Роман, стоя перед ним в своей неизменной майке, спокойно отвечал, что жили они так всегда, а деньги супруга, видимо, раздавала нуждающимся — он не в курсе.
Отчасти сказанное им было правдой. Где деньги, он действительно не знал, так как с женой не разговаривал с самого начала следствия. Нателле объяснил: не бывает в этом деле красоты, слишком широко мать сети забрасывала — наверняка в них оказалось много мелкой рыбешки. Так и вышло. Ущерб обманутым матерью коллегам по работе Нателла, сидя на макаронах, несколько лет возмещала из своего кармана.
9
Из ателье Юрия уволили. Общение с клиентами, которые платили за услуги коньяком, не прошло даром. Да и сам он под конец уже совсем потерял интерес к работе: щелкал гостей города фотоаппаратом без пленки, увещевательные письма равнодушно бросал в корзину — поэтому, получив расчет, даже испытал облегчение. Вакансий повсюду было предостаточно, и уже пару недель спустя его приняли учеником слесаря на карбюраторный завод. Гадать, что такое карбюратор и как он выглядит, Нателле долго не пришлось.

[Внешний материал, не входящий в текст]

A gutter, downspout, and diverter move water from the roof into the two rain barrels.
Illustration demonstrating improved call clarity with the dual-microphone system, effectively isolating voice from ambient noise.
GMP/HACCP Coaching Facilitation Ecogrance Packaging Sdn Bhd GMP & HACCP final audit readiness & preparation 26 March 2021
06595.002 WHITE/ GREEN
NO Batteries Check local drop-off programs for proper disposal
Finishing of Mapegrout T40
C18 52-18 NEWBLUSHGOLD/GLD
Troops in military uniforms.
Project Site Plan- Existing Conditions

— А чего такого? — оправдывался Юрий. — У нас все выносят. Это же и воровством даже не считается, а как бы неофициальной добавкой к зарплате.

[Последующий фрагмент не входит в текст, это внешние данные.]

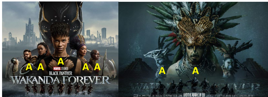
Figure 1: Narrative structure, non-transactional action process

The bottom half of the poster also depicts a non-transactional action process. For easier viewing, the bottom half of the poster is flipped vertically. There are two characters as actors who perform a non-transactional action process on the bottom half, Attuma and Namor. The vectors emerge from them because they also stare directly outside the poster, but there is nothing the vectors aim at. As a result, the action process in the bottom half is similar to the upper half, which is non-transactional action process.
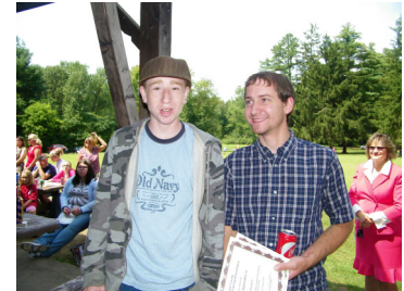
Over 165 employees, worksite supervisors, agency personnel, dignitaries, family and friends attended the ceremony on August 20, 2009.

Following the program youth who participated are asked to complete an anonymous survey about their experience. Here are a few quotes from the responses we received: "It was the perfect 1 st job." "It helped me figure out my likes and dislikes." "Got me situated with working in a job environment." "I know now that I can ask questions without feeling stupid." "It has prepared me better for different jobs in life. I have more skills." "Now I feel I can go out and get a job."
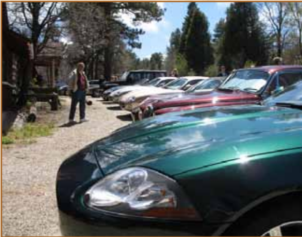
Lined up in front of The Eagle and the Bear
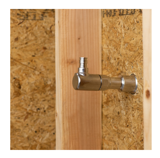
1) Remove existing inlet by unscrewing counterclockwise. Ensure the O-ring on the hydrant body is properly seated.

Note: DO NOT use Teflon tape on hydrant body threads. This may cause leaks. Only use Teflon tape on plumbing connection (fitting) threads.
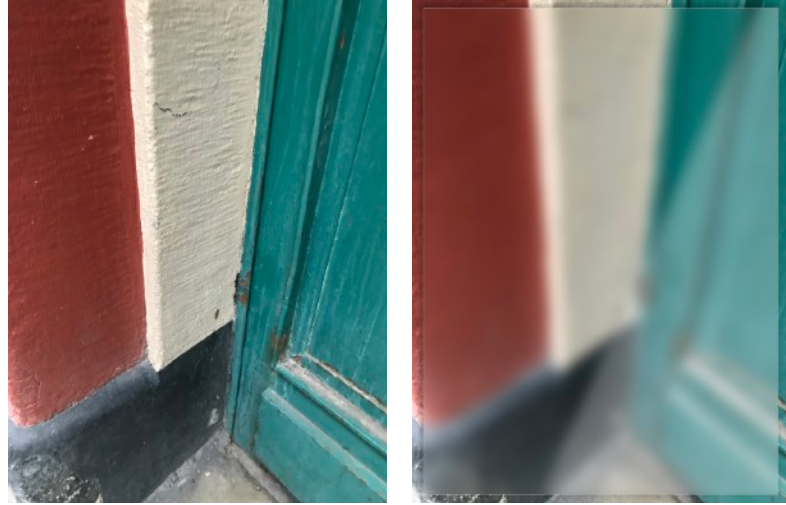
example of original photos focusing on the color relationships before blurring by placing frosted glass in front of image
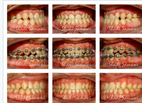
Figure 1: An example of an Adult Class III malocclusion with moderate skeletal severity, successfully-treated and camouflaged with a passive self-ligating system (Damon Q; Ormco), utilizing the techniques mentioned above.

Clinically, It seems there is a very reasonable clinical validity to such claims. The main noticeable issue faced at the aligning phase is the incomplete – or delayed – correction of rotations which is most probably due to the increased “play” between the small initial arch wires and the 0.022” slot of the Damon Q bracket, where full engagement against the slot base is non-existent due to the nature of the locking mechanism’s “passive” construction. Full rotational correction does not actually occur until later in treatment when –at least – an 0.016”×0.25” or 0.018”×0.25” rectangular arch wire is in place. This probably explains the findings of a study by Miles et al. [2] and others that have shown no measurable statistical difference in alignment speeds between self-ligating appliances in general and conventional appliance. In fact, some studies noted that alignment was actually faster with conventional appliances in many instances (Figure 1 & 2).
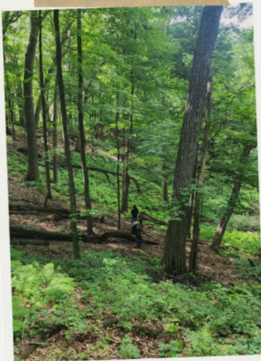
Exploring Theodore Wirth Regional Park's habitats
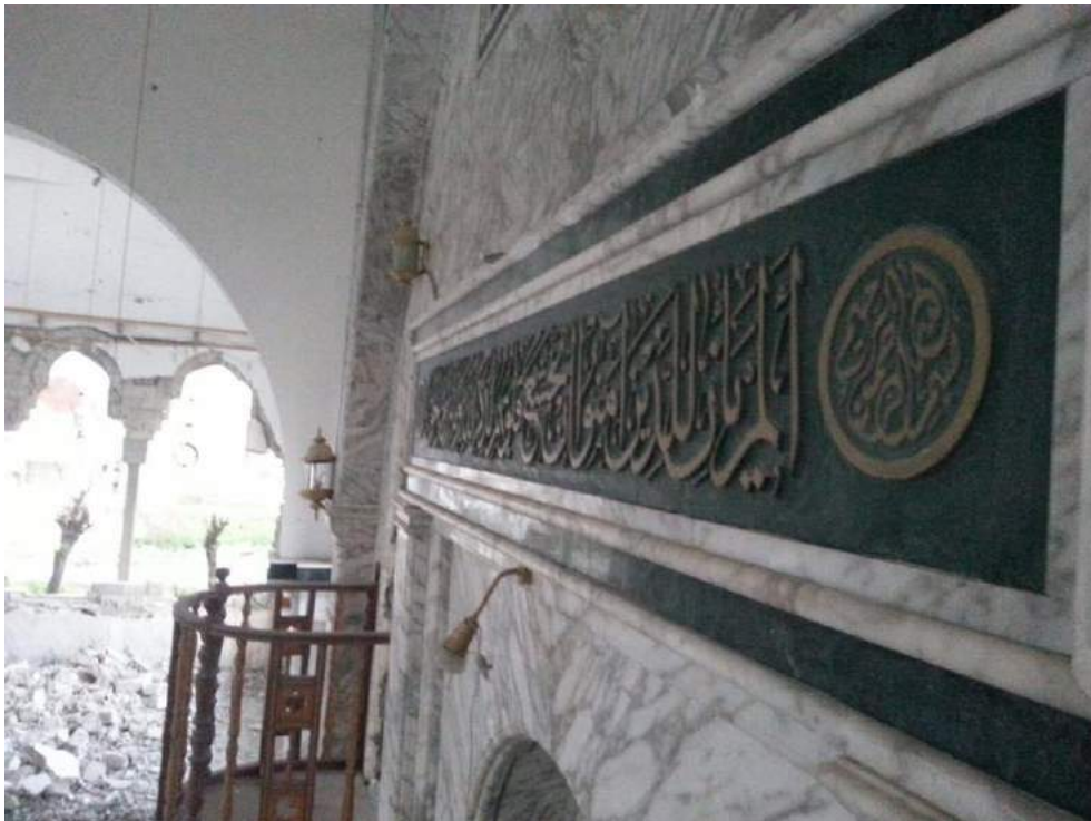
Severe damage to al-Nur Mosque, including partial collapse (March 22, 2016)
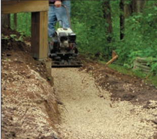
1. Prepare Base Leveling Pad

Remove all surface vegetation and debris. Do not use this material as backfill. After selecting the location and length of the wall, excavate the base trench to the designed width and depth (min. 20" w x 12" d). Start the leveling pad at the lowest elevation along wall alignment. Step up in 6" increments with the base as required at elevation changes in the foundation. Level the prepared base with 6" of well-compacted granular fill (gravel, road base, or 1/2" to 3/4" crushed stone). Compact to 95% Standard Proctor or greater. Do not use PEA GRAVEL or SAND for leveling pad.

Нотаций мужу она не читала. Просто садилась на кухне и утыкалась в книгу. При этом с досадой отмечала про себя, что ей обидно даже не то, что ее муж — «несун», а то, что все равно он эти карбюраторы пропьет. Так и выходило.
Друзья продолжали приходить к ним, но Юрий участия в традиционных вечерах уже не принимал — дома появлялся поздно, ему освобождали место за столом, он старался сидеть ровно и молчал, улыбаясь то иронично, то ядовито.

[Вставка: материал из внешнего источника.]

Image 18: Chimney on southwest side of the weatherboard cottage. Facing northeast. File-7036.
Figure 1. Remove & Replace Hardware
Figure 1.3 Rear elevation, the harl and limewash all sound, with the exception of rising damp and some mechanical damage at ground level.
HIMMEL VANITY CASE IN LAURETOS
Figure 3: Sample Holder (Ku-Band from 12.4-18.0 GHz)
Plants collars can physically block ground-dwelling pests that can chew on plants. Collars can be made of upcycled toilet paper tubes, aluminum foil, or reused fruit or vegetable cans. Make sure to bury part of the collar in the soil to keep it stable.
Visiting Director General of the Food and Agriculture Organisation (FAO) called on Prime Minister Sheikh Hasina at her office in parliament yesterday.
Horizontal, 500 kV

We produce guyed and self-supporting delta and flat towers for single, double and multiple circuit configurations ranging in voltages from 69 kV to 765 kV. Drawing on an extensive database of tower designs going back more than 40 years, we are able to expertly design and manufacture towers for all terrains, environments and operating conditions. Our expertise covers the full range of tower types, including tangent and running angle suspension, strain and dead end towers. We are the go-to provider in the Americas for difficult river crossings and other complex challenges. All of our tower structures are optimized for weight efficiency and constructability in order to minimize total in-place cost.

А потом случилось то, чего больше всего опасалась Нателла, и она, узнав об этом, прокляла тот день, когда уговорила его сменить работу: ведь если бы он остался танкистом, может быть, и не запил бы — и не стал бы чужим. Она приняла решение о разводе. Изменник молил о пощаде, уверял, что все произошло случайно, — она же была непреклонна. От отчаяния Юрий напился какой-то дряни и попал в реанимацию. Когда Нателла увидела его гуляющим в шлепанцах и пижаме вокруг клумбы, сердце ее дрогнуло…
Выйдя из больницы, Юрий некоторое время держался: организовал дома нечто вроде чайного клуба и занимал друзей рассказами о том, как он едва не умер по дороге в больницу, и о сеансах гипноза, которым его там подвергали. Начинались эти сеансы с того, что алкоголиков раскладывали по койкам, после чего из динамиков под потолком раздавались звуки пятой симфонии Бетховена, заставлявшие публику вздрогнуть и на миг оцепенеть. В это время в палату входил гипнотизер и объяснял, что, как только он досчитает до десяти, все уснут, но будут слышать его голос. При этом часть слушателей уже храпела. Досчитав до десяти, гипнотизер начинал размеренно вещать. Страшным голосом он сообщал, что водка — это яд, затем призывал пациентов вспомнить, кем они были раньше, и осознать, кем они стали теперь. Тем временем Бетховена в динамиках сменяла финальная сцена из «Лебединого озера». Юрий таращил глаза в потолок и вспоминал, как под эти звуки в фильме «Кавказская пленница» товарищ Саахов получал в зад заряд соли. В конце сеанса гипнотизер заверял спящих, что после того, как он досчитает до десяти, они проснутся и навсегда забудут о желании выпить. На счет «десять» в палату входили санитары и начинали трясти всех за ноги.